What began as a viral social media moment has escalated into a full-scale legal confrontation between Saint Laurent and independent label Kandee Shoes, highlighting how quickly visibility can turn into vulnerability for smaller brands.
The dispute traces back to a widely shared post that went live on November 29, 2025 featuring independent brand Kandee Shoes’ Caviar Collection in a blackcurrant colorway, styled on a dramatic, exaggerated platform that drew comparisons online to a “Grinch-like” foot shape. The post rapidly gained traction, amassing over 1 million views, well beyond Kandee’s core audience.

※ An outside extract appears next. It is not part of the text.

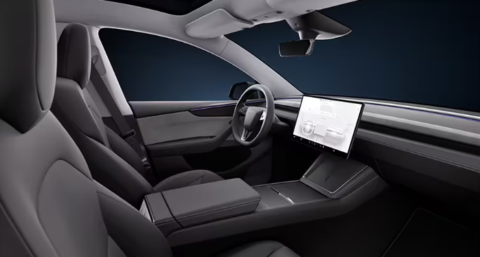 内饰的升级是比较实在的,配置看齐 Model 3 焕新版,增加了前排座椅通风和后排屏幕,后排座椅加长 15mm,头枕加宽 17mm,后排座椅也增加了电动调节,全景天窗还带有镀银涂层,能够提升防晒和隔热性能。

Shortly after the post went viral, Saint Laurent initiated contact.
According to documentation received December 1, 2025, Saint Laurent alleges that Kandee Shoes’ Caviar Leather Thong Sandals are nearly identical to two of its own designs: the Sue Mule from Spring 2026 and the Otero Mule from Summer 2025. The luxury house asserts that the similarities go beyond trend alignment, pointing instead to what it describes as a replication of distinctive design elements.
Saint Laurent specifically cites the minimalist thong mule silhouette, an elongated sharply pointed sole with a square toe, a Y-shaped strap between the toes, a slender stiletto heel, and a round gold metal plaque affixed to the bottom of the insole. Taken together, Saint Laurent argues, these elements form a recognizable and protectable design identity.
From Viral Visibility to Alleged Consumer Confusion
Beyond the physical similarities, Saint Laurent claims Kandee’s timing amplified the alleged infringement. The brand argues that Kandee’s products were released in overlapping colorways and sold concurrently with Saint Laurent’s own collections, increasing the likelihood that consumers could mistake Kandee’s sandals for Saint Laurent products or assume an association between the two brands.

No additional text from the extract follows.